Summary: If you could spend your entire life listening to and obeying your God-given conscience, you could live a perfect life. But the Bible says we have ALL sinned and we fall short of the glory of God. All of us end up with a messed-up conscience.


This is the penultimate message in this series on spurious Bible verses. Next week, we’ll consider the final adage, “To Thine Own Self Be True.” I encourage you to investigate this week and see if you can find the true source of that saying.

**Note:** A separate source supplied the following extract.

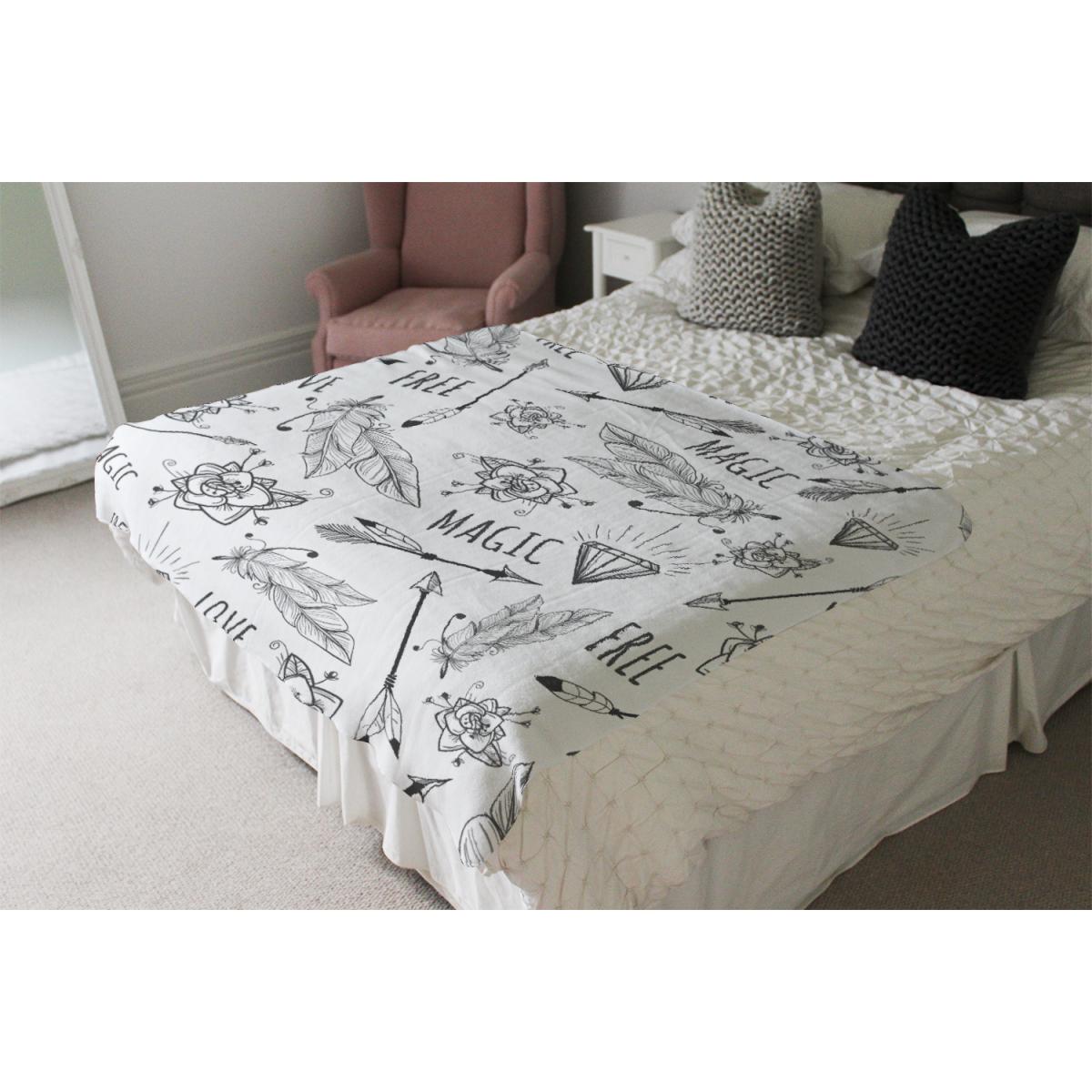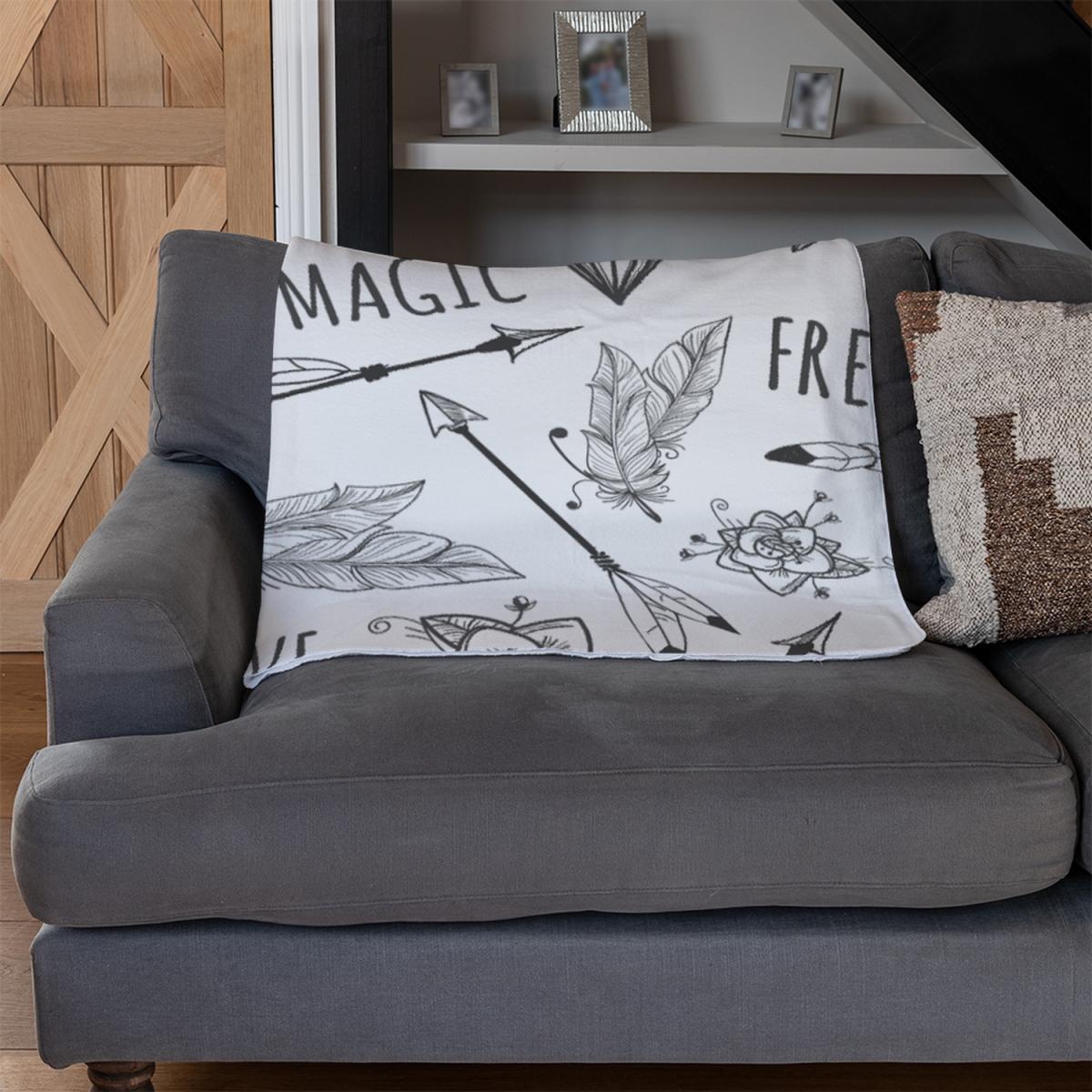 Tribal Feathers Arrows And Diamonds Blanket - Black

A helicopter pilot flying over Seattle got lost in the dense fog. The pilot emerged from the fog and had no idea where he was. He saw a tall building nearby with people working, so he hovered the helicopter near one of the windows and held up a sign asking “Where am I?” One of the workers wrote a response and held up a sign that said, “You are in a helicopter.” The pilot nodded his thanks and flew straight to the airport. One of the passengers was curious and asked, “How could that sign ‘you are in a helicopter’ help you know where you were?” The pilot said, “Simple. The answer that guy gave me was technically correct, but completely useless, so I figured that must be the Microsoft Customer Relations Building, so I knew where I was!”

Many Americans are circling around in a moral fog, with no idea which direction to go. Most of the moral advice you find in magazines or hear on talk-shows only creates more confusion. How can you know right from wrong? How about this advice: “Let your conscience be your guide.” No, that’s NOT in the Bible. Do you know the original source the saying? Most people think it comes from the 1940 Disney movie “Pinocchio.” In it, Jiminy Cricket sang a song to Pinocchio in which he said, “Take the strait and narrow path; and if you start to slide–give a little whistle, give a little whistle and always let your conscience be your guide.”

That’s where many of us heard it first, but that saying had been around a long time when Jiminy Cricket sang it in 1940. Actually, it originated as an Islamic saying 1,300 years ago. Caliph Umar Ibn Al-khattab was the father of one of Mohammed’s wives and was the third Muslim Caliph. After conquering Jerusalem he was returning to Medina and he prayed and gave a message at Jabiah. One of the things Al-Khattab said was: “And speak the truth. Do not hesitate to say what you consider to be the truth. Say what you feel. Let your conscience be your guide.”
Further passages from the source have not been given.